» **ABOUT THIS TASK**
Print the listing exactly as it stands. Skip every picture.

» **COLLECTED MATERIAL**
□ □ □ □ □ □ □
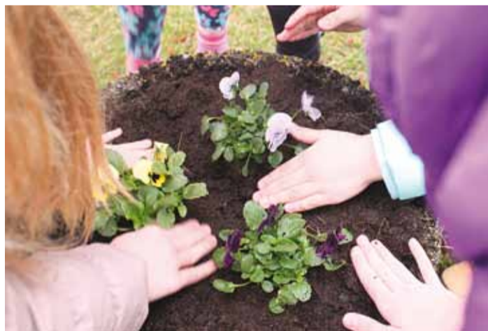
Iga klass sai omale kooliõuele poti, kuhu istutati lilled, mille eest ka edaspidi hoolitsetakse ja nii endas kohusetunnet kasvatatakse.

Inimene teeb vahet heal ja halval või õigel ja valel just oma väärtushinnangute põhjal. Need väärtushinnangud ei kujune aga iseenesest, neid tuleb lastele õpetada ja kinnistada. Selleks on Püünsi Koolis sel aastal korraldatud juba mitmeid üritusi ja tegevusi. Väärtuste õppimist on seotud erinevate ainetundide ja üritustega. Emakeelepäeval näiteks koos-
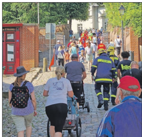
...und liefen, spazierten und schoben sogar Kinderwagen für den guten Zweck.

erfolgreiche Benefizlauf "Jede Runde hilft" (zirka 2,5 km langer Rundkurs über Schlossgebiet, Siebenstern und Strandweg) zur finanziellen Unterstützung der Jugendarbeit der Vereine und Institutionen vor Ort statt. Alle sind eingeladen, sich auf eine- oder mehrere Runden des Benefizlaufs zu machen. Ganz nach eigenem Wunsch kann hierbei gelaufen,
□ □ □ □ □ □ □
» **RESULT BELOW**
Iga klass sai omale kooliõuele poti, kuhu istutati lilled, mille eest ka edaspidi hoolitsetakse ja nii endas kohusetunnet kasvatatakse.

Inimene teeb vahet heal ja halval või õigel ja valel just oma väärtushinnangute põhjal. Need väärtushinnangud ei kujune aga iseenesest, neid tuleb lastele õpetada ja kinnistada. Selleks on Püünsi Koolis sel aastal korraldatud juba mitmeid üritusi ja tegevusi. Väärtuste õppimist on seotud erinevate ainetundide ja üritustega. Emakeelepäeval näiteks koos-
...und liefen, spazierten und schoben sogar Kinderwagen für den guten Zweck.

erfolgreiche Benefizlauf "Jede Runde hilft" (zirka 2,5 km langer Rundkurs über Schlossgebiet, Siebenstern und Strandweg) zur finanziellen Unterstützung der Jugendarbeit der Vereine und Institutionen vor Ort statt. Alle sind eingeladen, sich auf eine- oder mehrere Runden des Benefizlaufs zu machen. Ganz nach eigenem Wunsch kann hierbei gelaufen,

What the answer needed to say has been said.